-- What this task involves --
Will you output all of the data below exactly, omitting the images?

-- Information provided --
Start of Block

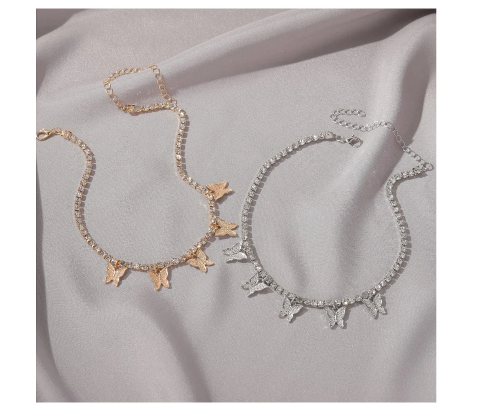 В стиле панк льдом бабочка колье для женщин серебряная цепочка колье-чокер с блестками в стиле хип-хоп вечерние кулон ювелирные изделия подарок для женщины
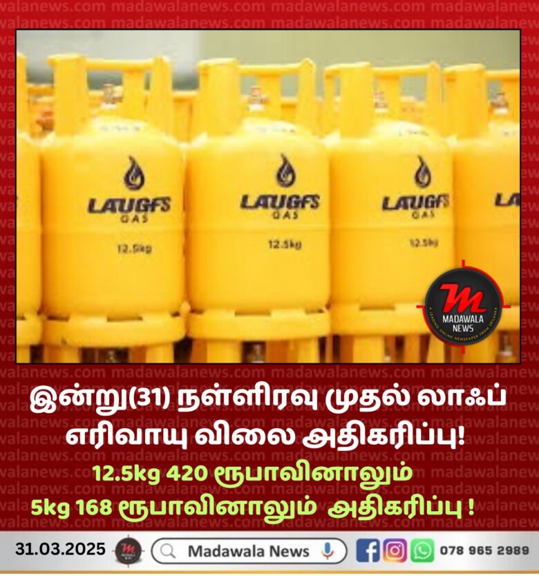 12.5 kg 420 ரூபாவினாலும் 5 kg 168 ரூபாவினாலும் அதிகரிக்கப்பட்டுள்ளது.
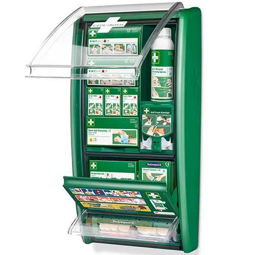 Första hjälpen station med transparenta luckor och sårvårdsmateriel för många olika typer av skador.
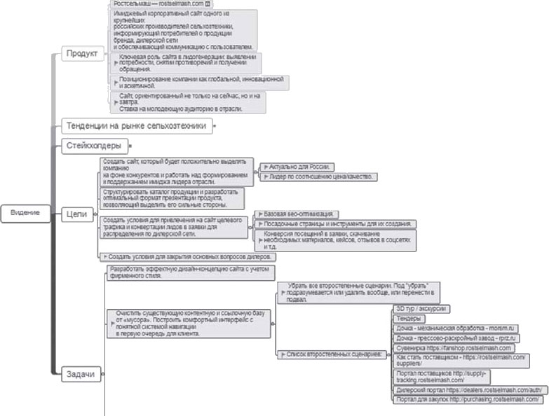 Эта техника лучше всего работает в заказной разработке. Либо когда уже в общих чертах понятна задача, осталось только вытащить детали из голов стейкхолдеров, примерить их на целевую аудиторию, убедиться, что не допущены ошибки конкурентов и учтены тренды отрасли. Подходит для большинства сайтов и мобильных приложений. Позволяет синхронизировать видение у заказчика и разработчика, а также довольно точно подсчитать бюджет разработки. Это, в основном, кабинетный анализ, который можно подкрепить интервью с потенциальными пользователями (см. главу о Customer Development) и A/B-тестами. В итоге у нас должна получиться структура будущего проекта. Для фиксации предлагаю использовать формат интеллектуальных карт.

End of Block

-- Output of the task --
 В стиле панк льдом бабочка колье для женщин серебряная цепочка колье-чокер с блестками в стиле хип-хоп вечерние кулон ювелирные изделия подарок для женщины
 12.5 kg 420 ரூபாவினாலும் 5 kg 168 ரூபாவினாலும் அதிகரிக்கப்பட்டுள்ளது.
 Första hjälpen station med transparenta luckor och sårvårdsmateriel för många olika typer av skador.
 Эта техника лучше всего работает в заказной разработке. Либо когда уже в общих чертах понятна задача, осталось только вытащить детали из голов стейкхолдеров, примерить их на целевую аудиторию, убедиться, что не допущены ошибки конкурентов и учтены тренды отрасли. Подходит для большинства сайтов и мобильных приложений. Позволяет синхронизировать видение у заказчика и разработчика, а также довольно точно подсчитать бюджет разработки. Это, в основном, кабинетный анализ, который можно подкрепить интервью с потенциальными пользователями (см. главу о Customer Development) и A/B-тестами. В итоге у нас должна получиться структура будущего проекта. Для фиксации предлагаю использовать формат интеллектуальных карт.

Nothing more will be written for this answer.